The Red Line of Non-Aggression

May 12, 2013 Topic: Defense Region: Iraq Blog Brand: Paul Pillar

The Red Line of Non-Aggression

One of the traditional goals of American foreign policy has fallen by the wayside.

Amid much talk lately about “red lines”—to the point that the term would be a strong candidate for cliché of the year—we should reflect on the relative inattention, as Richard Falk points out in a recent commentary, to what used to be one of the most fundamental and important red lines of all. The line in question, which Falk notes the United States once played a leading role in formulating, is “the prohibition of the use of international force by states other than in cases of self-defense against a prior armed attack.”

Falk has been around long enough to rile adversaries on many issues about which he has been outspoken (and I have disagreed with some of his past positions). It was nearly forty years ago that I took a graduate course in international law from him, and he is now in his eighties. But he does speak some uncomfortable truths. Many he has spoken in connection with his current function as the United Nations special rapporteur on human rights in the occupied Palestinian territories. Most recently he incurred irresponsible vitriol, including some from U.S. officials, when he noted—accurately—that U.S. policies have something to do with stimulating the kind of violent extremism exhibited by the Boston Marathon bombers. His observation about disregard for the once-prominent norm against aggression gets to another set of truths.

Erosion of respect for this norm, specifically in discussions of U.S. policy, is a recent phenomenon. Throughout the twentieth century the United States largely observed it, and as far as significant warfare is concerned rigorously observed it. Moreover, the United States expended much blood and treasure in campaigns that, whatever other U.S. interests they may have served, were responses to someone else's aggression and ensured that the aggression would not be allowed to stand. World War II was the largest such effort; Korea in 1950 and Kuwait in 1990-91 were others. The U.S. response to the Anglo-French-Israeli attack on Egypt in 1956 was an example of upholding the norm of non-aggression even when it meant opposing close allies.
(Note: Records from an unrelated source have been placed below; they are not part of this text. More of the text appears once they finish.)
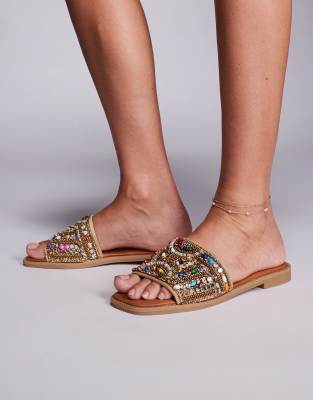 Shoes by AZALEA WANG Slip-on style Embellished strap Open toe Flat sole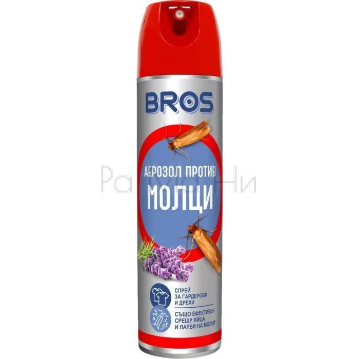 BROS Аерозол против молци с аромат на лавандула (150 мл) е специализиран продукт за защита на дрехи и текстил от молци. Благодарение на активната си формула, аерозолът ефективно отблъсква и унищожава молците, предпазвайки тъканите от увреждане.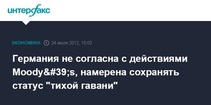 Берлин. 24 июля. INTERFAX.RU - Правительство ФРГ выразило несогласие с действиями рейтингового агентства Moody's, заявив, что Германия останется "тихой гаванью" в Европе в период финансового кризиса, сообщает агентство Bloomberg.
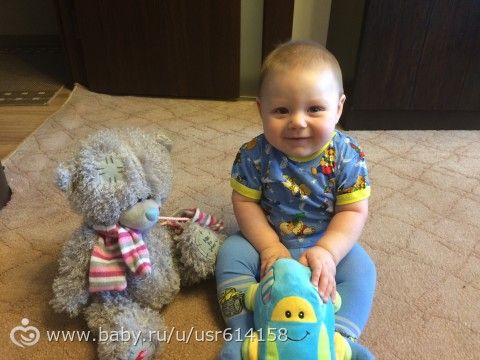Девчули, ну вот и нам уже 7 месяцев.Пишу посты очень редко, сынулька очень много внимания требует))Умеем сидеть, ползает как пуля, встает с опорой и иногда ручки отпускает и несколько секунд стоит.Мы еще на ГВ, прикармливаю кашку, творожок, пюрешки раньше кушали все, а сейчас ничего не хочет, ни мясо, ни овощи, ни фрукты, со стола даем ему попробовать нашу еду, но в меру)))Я не считаю, что это плохо, к году хочу, чтоб все с нашего стола кушал))У нас как вылез зубик 4 февраля, так один и есть, но остальные какие лезут и не дают ему покоя.Научился показывать как злиться, кулаки сжимает, краснеет и говорит уууууу, это так смешно))))Но у нас есть одна проблема, спим и днем и ночью только пеленованным(((Без меня жить не может, только у меня сидит и улыбается мне, может у папки еще, раньше ко всем шел, а сейчас с осторожностью все делает))Вообще не успеваю, как он растет видеть, вроде только беременная ходила))Не представляю как раньше без него жила))Ну вот собственно и мой сыночек))))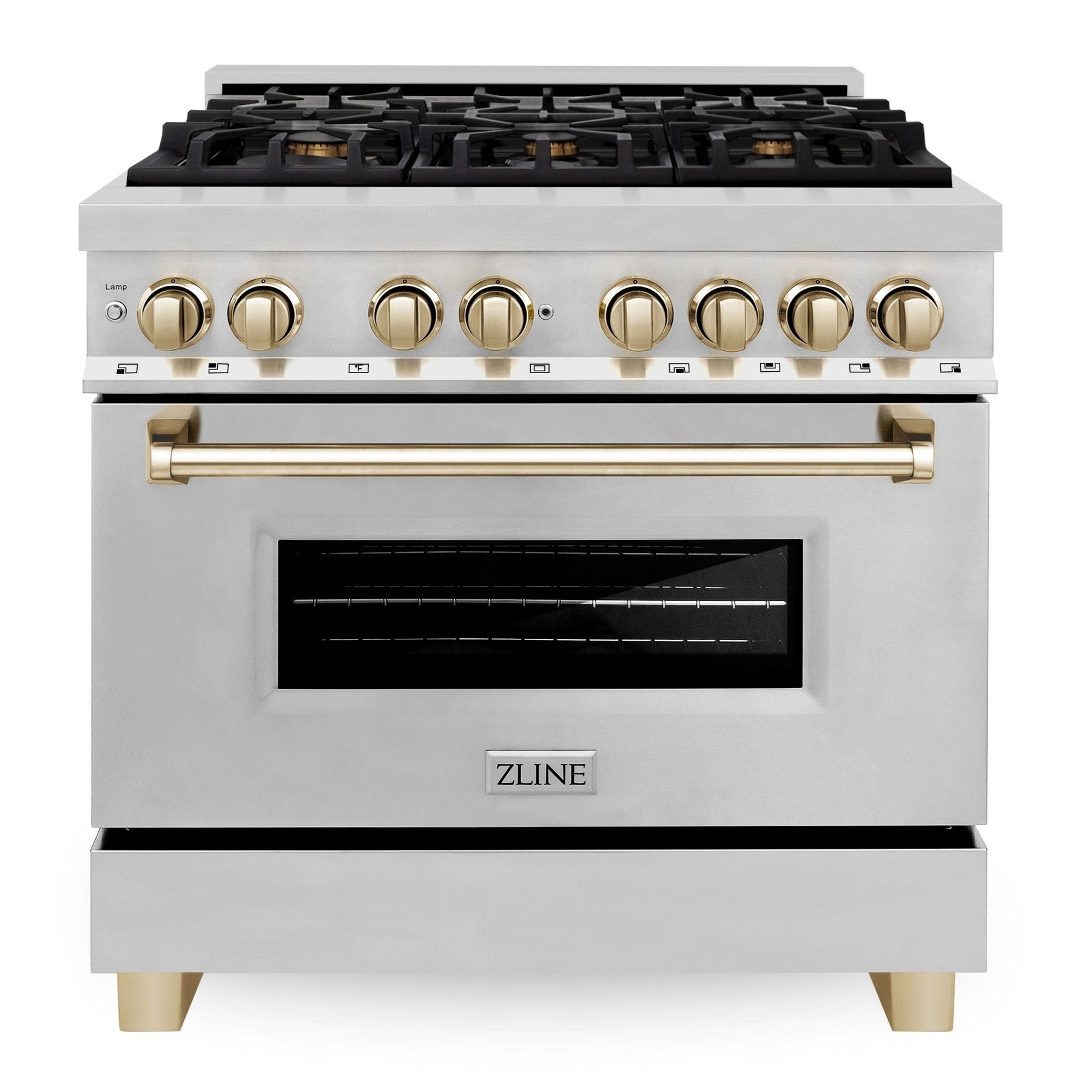 - ZLINE Autograph Edition 36 In. Range with Gas Stove and Electric Oven in Stainless Steel with Gold Accent, RAZ-36-G

The big departure that led the United States astray from this path was the invasion of Iraq in 2003—the first significant U.S. war of aggression since the nineteenth century. Despite the costly unpleasantness that followed the invasion, this episode seems to have had a lasting effect on American debate in extending the range of respectable policy options to include ones that earlier would have been ruled out as being beyond the red line of non-aggression. Most Americans of just a couple of decades ago, even after the Soviet Union imploded, would have been taken aback by how much some beyond-the-line possibilities, such as an unprovoked attack on Iran, are deemed respectable enough to be seriously considered today.

Falk does not discuss non-aggression in absolute terms. He suggests that in individual cases other considerations, such as humanitarian ones, often appropriately come into play. He also appears to accept the frequently-advanced (though not necessarily valid) idea that we are living in an era in which the ubiquity of terrorism means some rules of international conduct need to be revised. His principal lament is that the rule of non-aggression is not being carefully updated but instead simply abandoned. That, he says, means “normative chaos,” which “in a world where already nine countries possess nuclear weapons seems like a prescription for species suicide.”

That's probably putting the point too strongly, but such a world is nonetheless not in U.S. interests. The United States, despite (and as the Iraq War experience suggests, perhaps even because of) its standing as the militarily most powerful state, has more to lose than to gain in such a world.

Restoring, respecting, and fostering a norm of non-aggression is in the interest of the United States even if one does not approach the subject, as Falk does, with an emphasis on international organizations and international law. Even the most hard-boiled realist, focused like a laser on U.S. national interests, can see the benefit to the United States of having such a norm. This leads to part of an answer to the question that Danielle Pletka posed and Jacob Heilbrunn highlighted as a fair question to realists: what do they want, as distinct from what are they against? They ought to want a world in which states do not start wars whenever and wherever they feel like it.